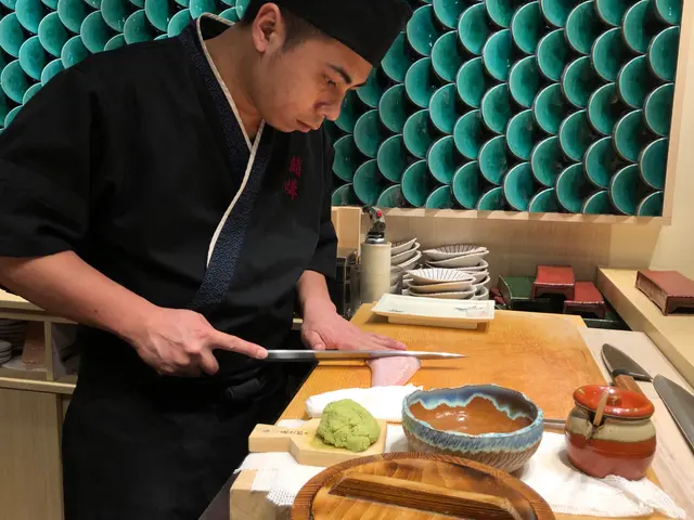 接下來,來到較重味的秋刀魚,由牠的淺紅色魚肉,代表牠的味道會較白身魚為濃味,所以師傅用了較濃味的調味——「薑蔥」,薑蔥除了可以辟走腥味,還有提鮮的作用,跟秋刀魚搭配很適合。
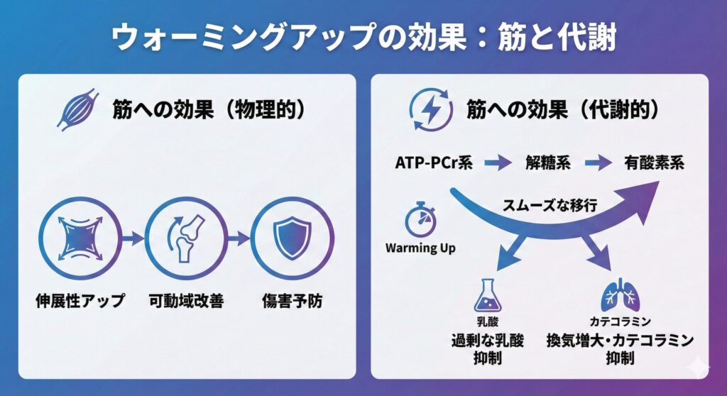 また代謝面では、運動直後のエネルギー産生は筋内のATP分解と「ATP-PCr系」から始まり、「解糖系」を経て「有酸素系」へと移行します。ウォーミングアップはこの移行をスムーズに行うことができます。これにより、解糖系で生じるであろう過剰な乳酸の産生を抑制し、換気増大やカテコラミンの過剰分泌を抑えることができます。
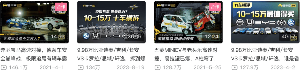 B站平台中,懂車帝的奔馳寶馬高速對撞、10~15萬級十車拆解、五菱MINIEV與老頭樂高速對撞等節目均擁有超百萬的播放量。這些節目不光可以提高懂車帝的行業知名度,並且可以將觀眾引流至懂車帝App中。
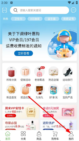 1、打开绿叶商城app正版,点击底部我的选项,进入个人中心页面。
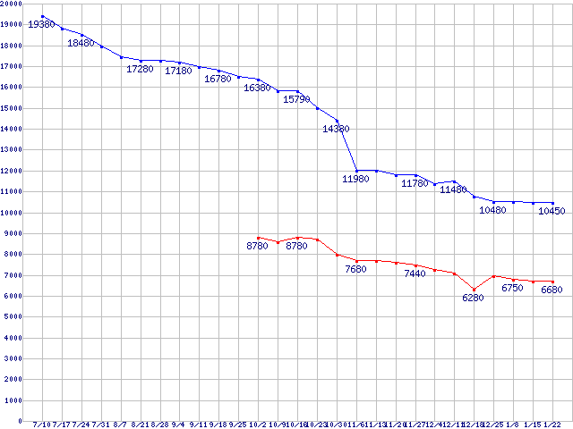 WD VelociRaptor (10000rpm,3Gb/s,16MB)の最安値推移
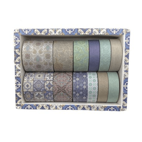 Add exotic flair to your crafts with our Washi Tape Box Set of 12 (Moroccan Theme)! Inspired by intricate tilework and earthy tones, this collection features detailed patterns and soft colours perfect for giving your journals, planners, and gift wrap a touch of cultural elegance. Each roll is easy to use and made from premium washi paper that’s both durable and repositionable.
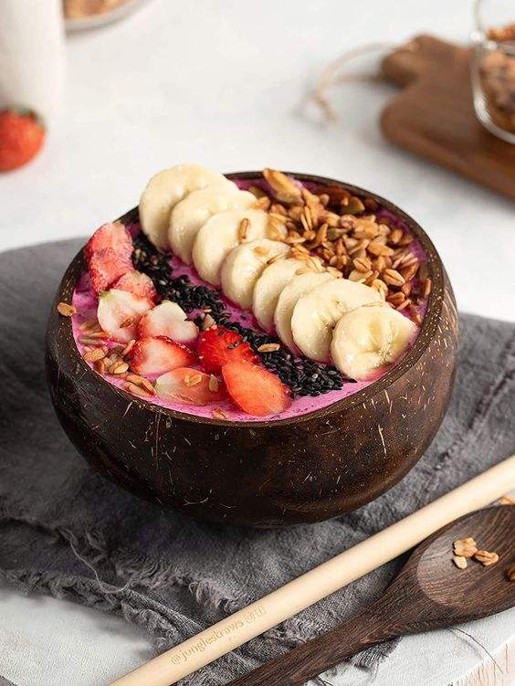 ชามกะลามะพร้าวสมูทตี้ | กะลามะพร้าวธรรมชาติคุณภาพสูงพร้อมช้อน | ชุดชามกะลามะพร้าวสำหรับสมูทตี้ฤดูร้อน
++++++
_What to do_
Nothing but the lines from the first line of the listing above to the line containing "1、打开绿叶商城app正版,点击底部我的选项,进入个人中心页面。" should appear in the answer, each one exact and with no pictures.

_Problem solution_
 接下來,來到較重味的秋刀魚,由牠的淺紅色魚肉,代表牠的味道會較白身魚為濃味,所以師傅用了較濃味的調味——「薑蔥」,薑蔥除了可以辟走腥味,還有提鮮的作用,跟秋刀魚搭配很適合。
 また代謝面では、運動直後のエネルギー産生は筋内のATP分解と「ATP-PCr系」から始まり、「解糖系」を経て「有酸素系」へと移行します。ウォーミングアップはこの移行をスムーズに行うことができます。これにより、解糖系で生じるであろう過剰な乳酸の産生を抑制し、換気増大やカテコラミンの過剰分泌を抑えることができます。
 B站平台中,懂車帝的奔馳寶馬高速對撞、10~15萬級十車拆解、五菱MINIEV與老頭樂高速對撞等節目均擁有超百萬的播放量。這些節目不光可以提高懂車帝的行業知名度,並且可以將觀眾引流至懂車帝App中。
 1、打开绿叶商城app正版,点击底部我的选项,进入个人中心页面。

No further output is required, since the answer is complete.